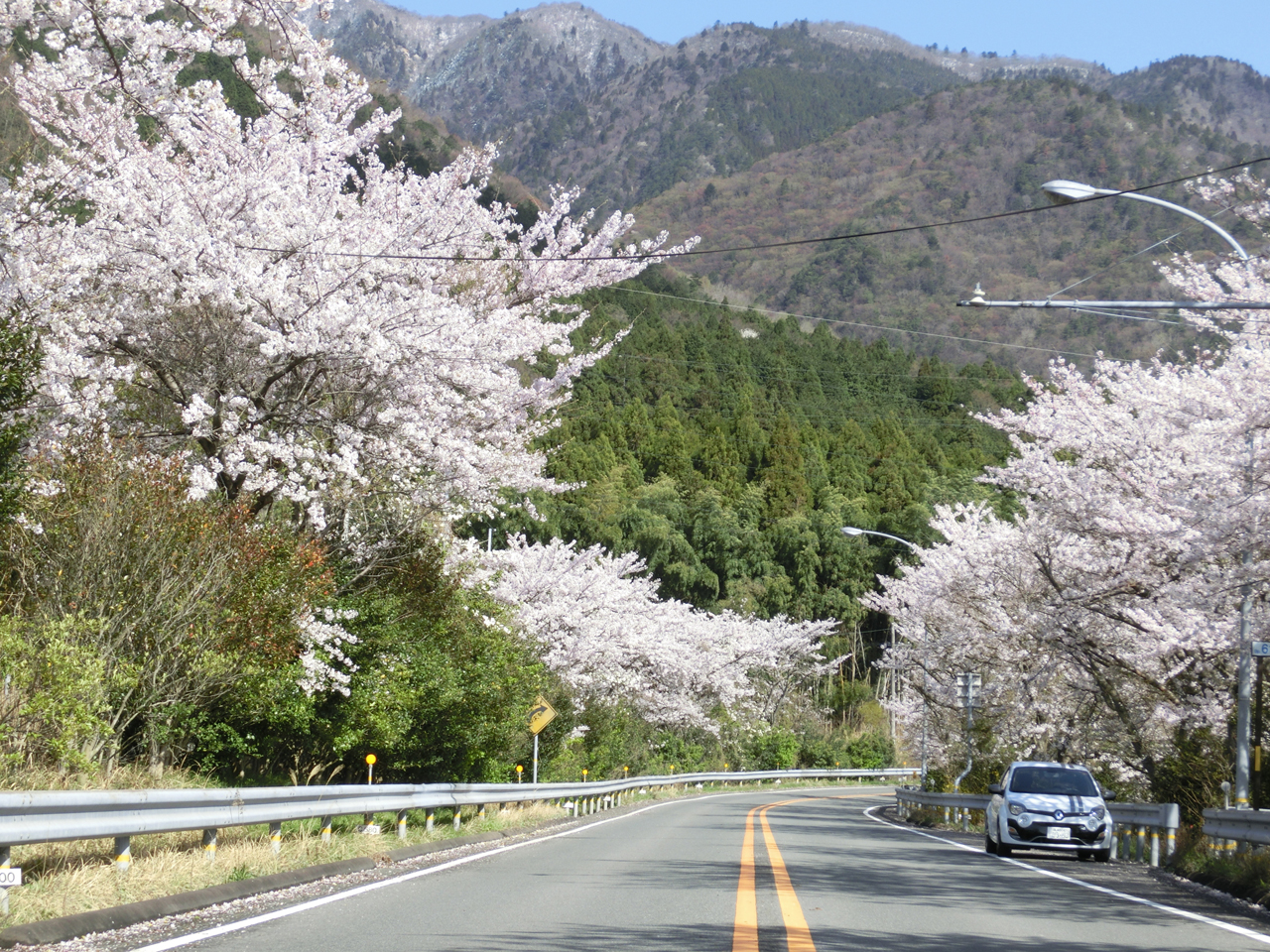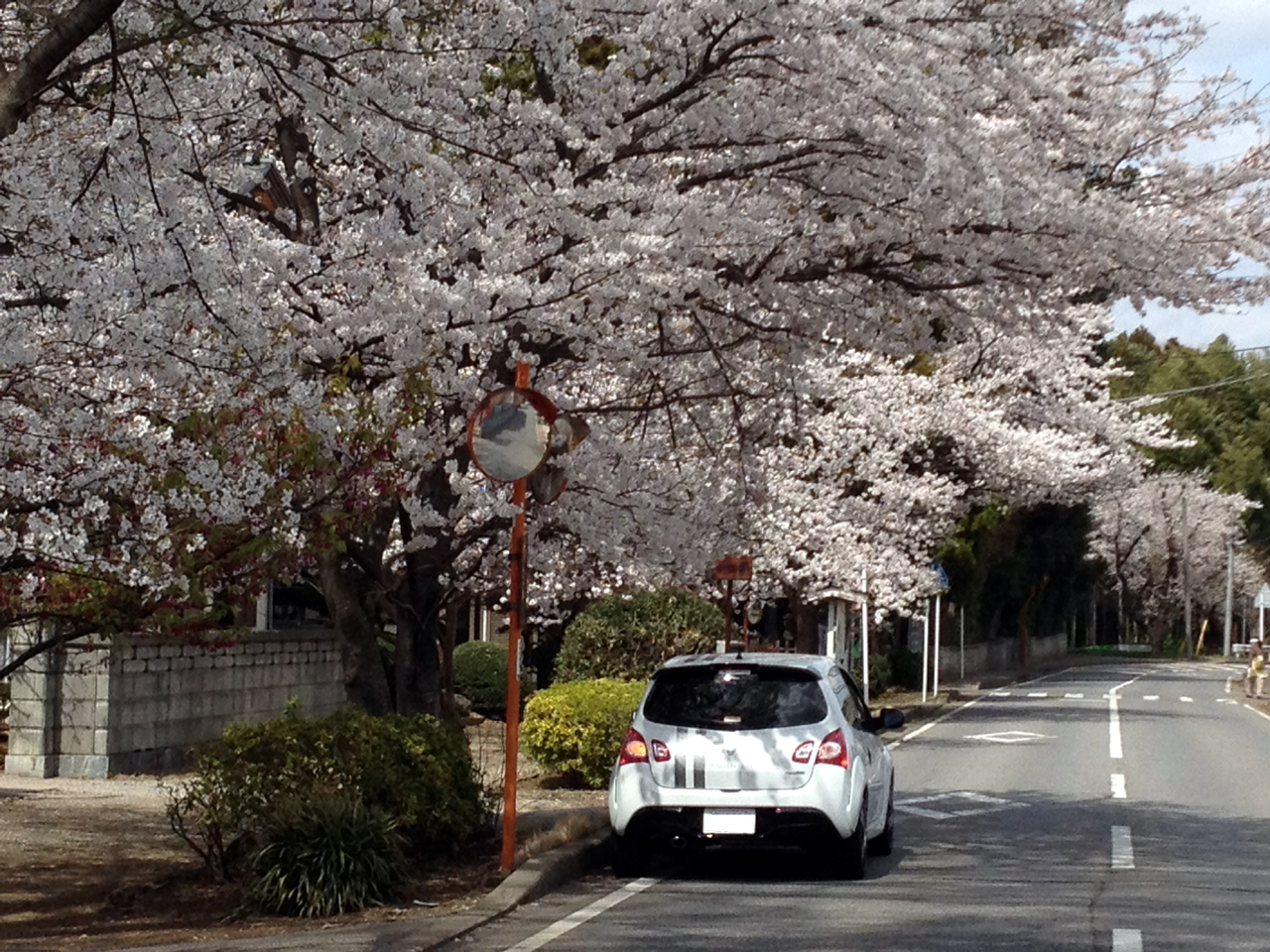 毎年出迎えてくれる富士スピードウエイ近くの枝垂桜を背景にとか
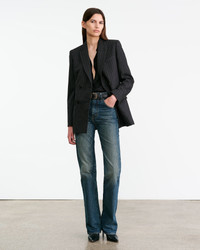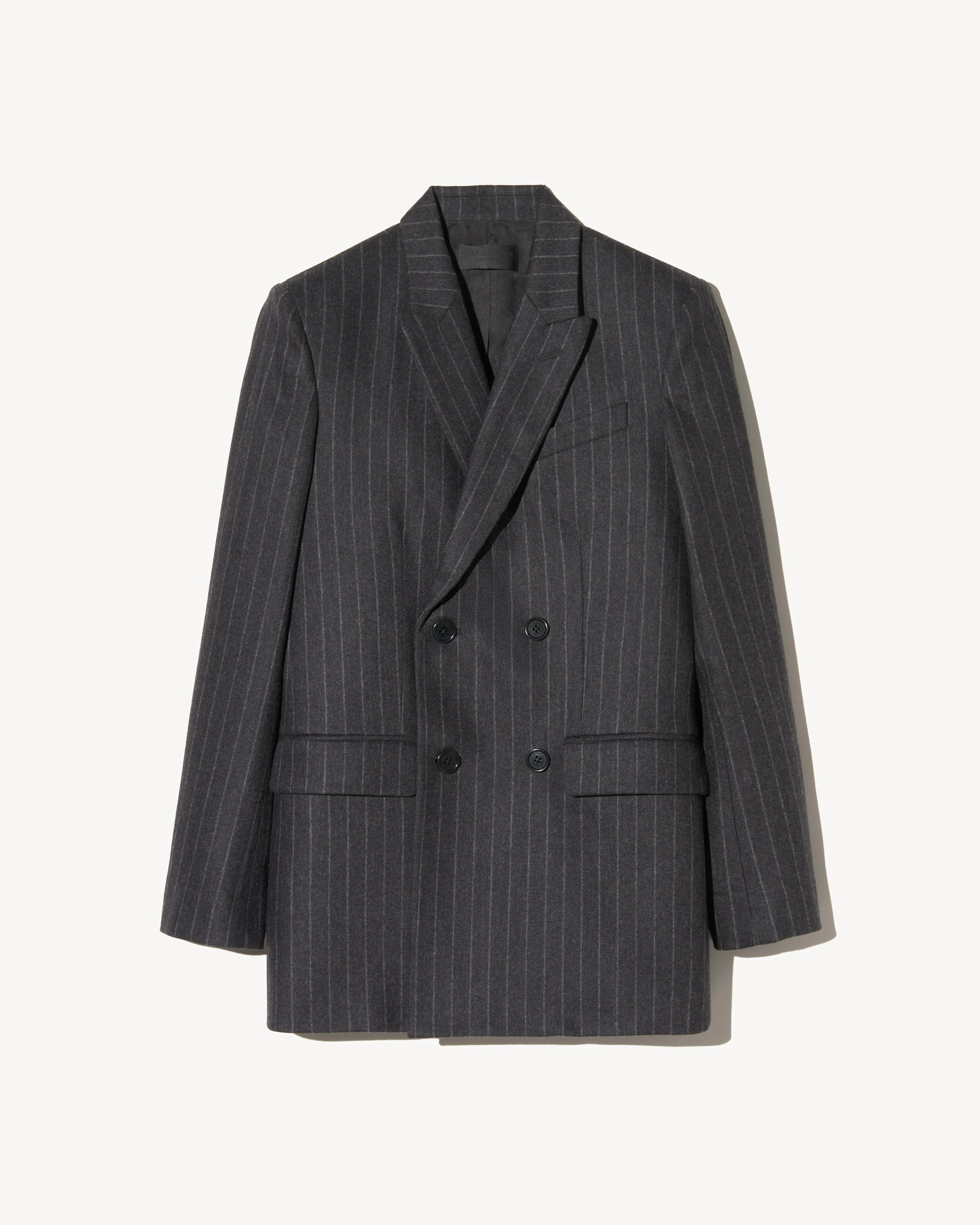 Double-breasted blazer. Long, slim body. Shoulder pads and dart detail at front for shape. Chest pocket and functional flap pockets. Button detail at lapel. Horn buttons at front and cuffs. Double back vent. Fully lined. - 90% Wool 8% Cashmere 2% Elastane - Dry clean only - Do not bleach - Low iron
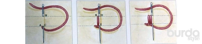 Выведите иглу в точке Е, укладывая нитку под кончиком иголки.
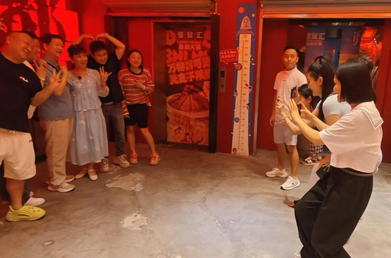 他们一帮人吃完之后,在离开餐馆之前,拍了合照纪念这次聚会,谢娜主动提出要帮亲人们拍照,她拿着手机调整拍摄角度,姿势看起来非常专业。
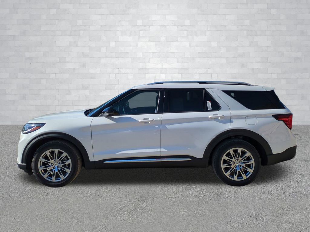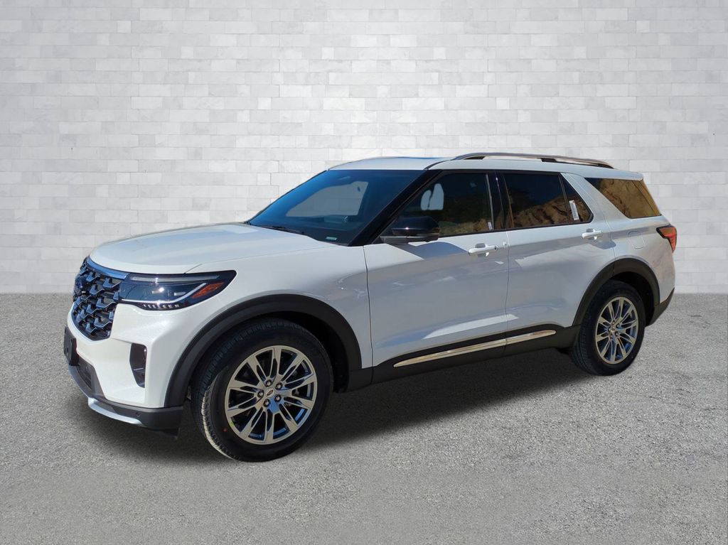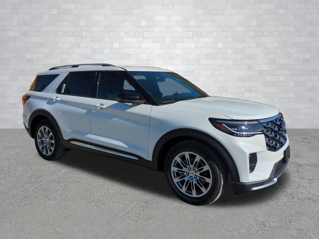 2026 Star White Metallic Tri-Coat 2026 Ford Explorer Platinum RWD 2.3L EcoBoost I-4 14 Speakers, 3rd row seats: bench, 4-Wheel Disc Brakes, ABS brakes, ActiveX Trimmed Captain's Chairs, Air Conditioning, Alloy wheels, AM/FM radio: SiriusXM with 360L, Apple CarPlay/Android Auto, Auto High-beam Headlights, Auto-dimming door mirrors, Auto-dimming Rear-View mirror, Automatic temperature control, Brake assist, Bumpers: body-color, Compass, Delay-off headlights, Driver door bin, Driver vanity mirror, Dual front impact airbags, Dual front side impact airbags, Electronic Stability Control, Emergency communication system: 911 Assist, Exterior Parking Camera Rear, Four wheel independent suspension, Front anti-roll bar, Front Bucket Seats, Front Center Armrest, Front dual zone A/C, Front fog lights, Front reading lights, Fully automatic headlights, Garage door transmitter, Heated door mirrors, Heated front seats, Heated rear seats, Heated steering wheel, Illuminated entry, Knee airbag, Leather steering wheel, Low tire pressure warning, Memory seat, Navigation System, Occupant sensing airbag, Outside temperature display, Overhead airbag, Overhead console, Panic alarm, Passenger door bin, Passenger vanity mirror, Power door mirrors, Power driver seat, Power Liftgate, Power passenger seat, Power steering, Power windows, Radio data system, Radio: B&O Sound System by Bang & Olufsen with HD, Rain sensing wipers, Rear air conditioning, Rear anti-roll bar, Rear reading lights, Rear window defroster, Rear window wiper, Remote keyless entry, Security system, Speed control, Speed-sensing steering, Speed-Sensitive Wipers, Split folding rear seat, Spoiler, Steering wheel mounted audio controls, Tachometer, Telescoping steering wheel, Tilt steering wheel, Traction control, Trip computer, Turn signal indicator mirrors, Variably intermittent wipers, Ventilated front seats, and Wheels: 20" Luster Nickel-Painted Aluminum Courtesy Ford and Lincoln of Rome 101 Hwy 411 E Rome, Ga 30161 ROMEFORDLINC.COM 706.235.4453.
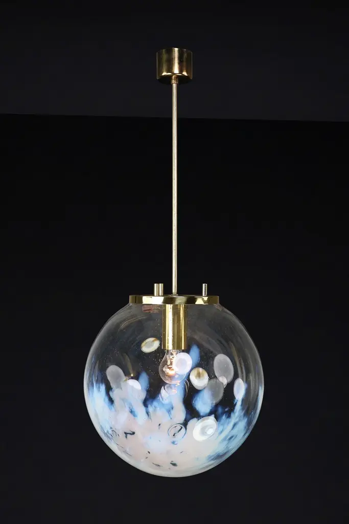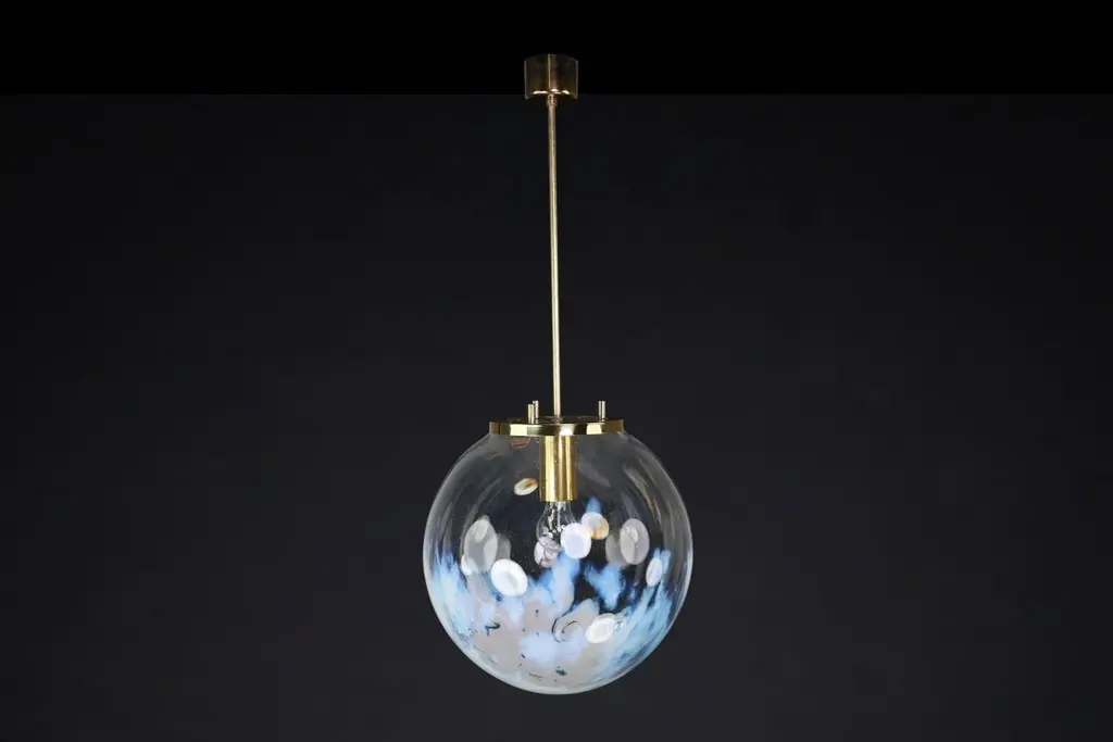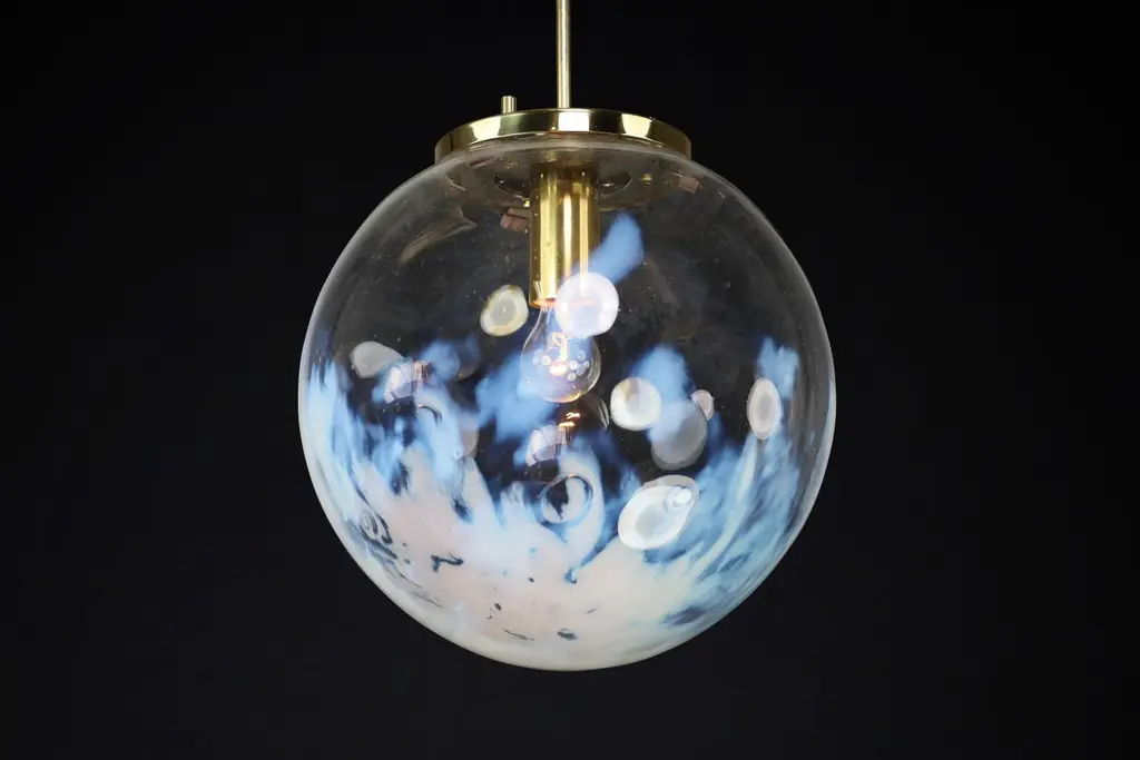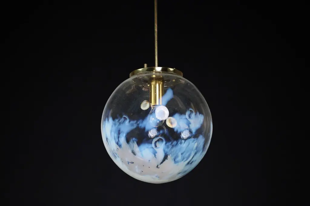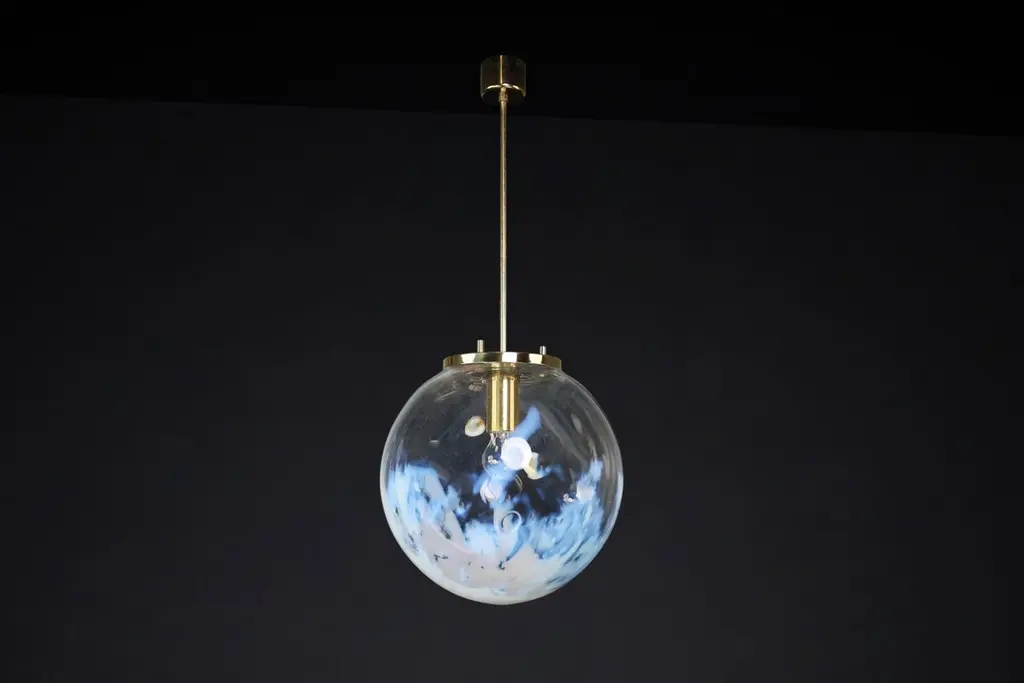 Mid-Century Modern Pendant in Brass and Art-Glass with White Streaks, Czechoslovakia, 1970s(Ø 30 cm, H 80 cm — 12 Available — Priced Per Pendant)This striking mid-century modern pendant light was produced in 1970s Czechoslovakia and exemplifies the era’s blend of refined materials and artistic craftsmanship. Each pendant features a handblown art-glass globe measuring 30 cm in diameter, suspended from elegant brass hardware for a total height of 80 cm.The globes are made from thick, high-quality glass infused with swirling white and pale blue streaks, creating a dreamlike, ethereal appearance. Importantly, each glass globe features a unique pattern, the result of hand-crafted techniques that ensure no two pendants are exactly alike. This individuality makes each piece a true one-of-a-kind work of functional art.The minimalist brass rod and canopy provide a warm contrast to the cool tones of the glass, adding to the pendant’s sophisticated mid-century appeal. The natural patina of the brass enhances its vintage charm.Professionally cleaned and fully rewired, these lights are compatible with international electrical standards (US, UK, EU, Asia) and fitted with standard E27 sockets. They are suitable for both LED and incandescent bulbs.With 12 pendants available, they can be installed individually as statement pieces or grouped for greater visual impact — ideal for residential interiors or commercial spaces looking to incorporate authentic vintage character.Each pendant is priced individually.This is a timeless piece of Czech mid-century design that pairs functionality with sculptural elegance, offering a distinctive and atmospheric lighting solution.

ACTION ITEM: Print every entry above again without changing a word, and omit the pictures.

ANSWER TO THIS TASK:
 毎年出迎えてくれる富士スピードウエイ近くの枝垂桜を背景にとか
 Double-breasted blazer. Long, slim body. Shoulder pads and dart detail at front for shape. Chest pocket and functional flap pockets. Button detail at lapel. Horn buttons at front and cuffs. Double back vent. Fully lined. - 90% Wool 8% Cashmere 2% Elastane - Dry clean only - Do not bleach - Low iron
 Выведите иглу в точке Е, укладывая нитку под кончиком иголки.
 他们一帮人吃完之后,在离开餐馆之前,拍了合照纪念这次聚会,谢娜主动提出要帮亲人们拍照,她拿着手机调整拍摄角度,姿势看起来非常专业。
 2026 Star White Metallic Tri-Coat 2026 Ford Explorer Platinum RWD 2.3L EcoBoost I-4 14 Speakers, 3rd row seats: bench, 4-Wheel Disc Brakes, ABS brakes, ActiveX Trimmed Captain's Chairs, Air Conditioning, Alloy wheels, AM/FM radio: SiriusXM with 360L, Apple CarPlay/Android Auto, Auto High-beam Headlights, Auto-dimming door mirrors, Auto-dimming Rear-View mirror, Automatic temperature control, Brake assist, Bumpers: body-color, Compass, Delay-off headlights, Driver door bin, Driver vanity mirror, Dual front impact airbags, Dual front side impact airbags, Electronic Stability Control, Emergency communication system: 911 Assist, Exterior Parking Camera Rear, Four wheel independent suspension, Front anti-roll bar, Front Bucket Seats, Front Center Armrest, Front dual zone A/C, Front fog lights, Front reading lights, Fully automatic headlights, Garage door transmitter, Heated door mirrors, Heated front seats, Heated rear seats, Heated steering wheel, Illuminated entry, Knee airbag, Leather steering wheel, Low tire pressure warning, Memory seat, Navigation System, Occupant sensing airbag, Outside temperature display, Overhead airbag, Overhead console, Panic alarm, Passenger door bin, Passenger vanity mirror, Power door mirrors, Power driver seat, Power Liftgate, Power passenger seat, Power steering, Power windows, Radio data system, Radio: B&O Sound System by Bang & Olufsen with HD, Rain sensing wipers, Rear air conditioning, Rear anti-roll bar, Rear reading lights, Rear window defroster, Rear window wiper, Remote keyless entry, Security system, Speed control, Speed-sensing steering, Speed-Sensitive Wipers, Split folding rear seat, Spoiler, Steering wheel mounted audio controls, Tachometer, Telescoping steering wheel, Tilt steering wheel, Traction control, Trip computer, Turn signal indicator mirrors, Variably intermittent wipers, Ventilated front seats, and Wheels: 20" Luster Nickel-Painted Aluminum Courtesy Ford and Lincoln of Rome 101 Hwy 411 E Rome, Ga 30161 ROMEFORDLINC.COM 706.235.4453.
 Mid-Century Modern Pendant in Brass and Art-Glass with White Streaks, Czechoslovakia, 1970s(Ø 30 cm, H 80 cm — 12 Available — Priced Per Pendant)This striking mid-century modern pendant light was produced in 1970s Czechoslovakia and exemplifies the era’s blend of refined materials and artistic craftsmanship. Each pendant features a handblown art-glass globe measuring 30 cm in diameter, suspended from elegant brass hardware for a total height of 80 cm.The globes are made from thick, high-quality glass infused with swirling white and pale blue streaks, creating a dreamlike, ethereal appearance. Importantly, each glass globe features a unique pattern, the result of hand-crafted techniques that ensure no two pendants are exactly alike. This individuality makes each piece a true one-of-a-kind work of functional art.The minimalist brass rod and canopy provide a warm contrast to the cool tones of the glass, adding to the pendant’s sophisticated mid-century appeal. The natural patina of the brass enhances its vintage charm.Professionally cleaned and fully rewired, these lights are compatible with international electrical standards (US, UK, EU, Asia) and fitted with standard E27 sockets. They are suitable for both LED and incandescent bulbs.With 12 pendants available, they can be installed individually as statement pieces or grouped for greater visual impact — ideal for residential interiors or commercial spaces looking to incorporate authentic vintage character.Each pendant is priced individually.This is a timeless piece of Czech mid-century design that pairs functionality with sculptural elegance, offering a distinctive and atmospheric lighting solution.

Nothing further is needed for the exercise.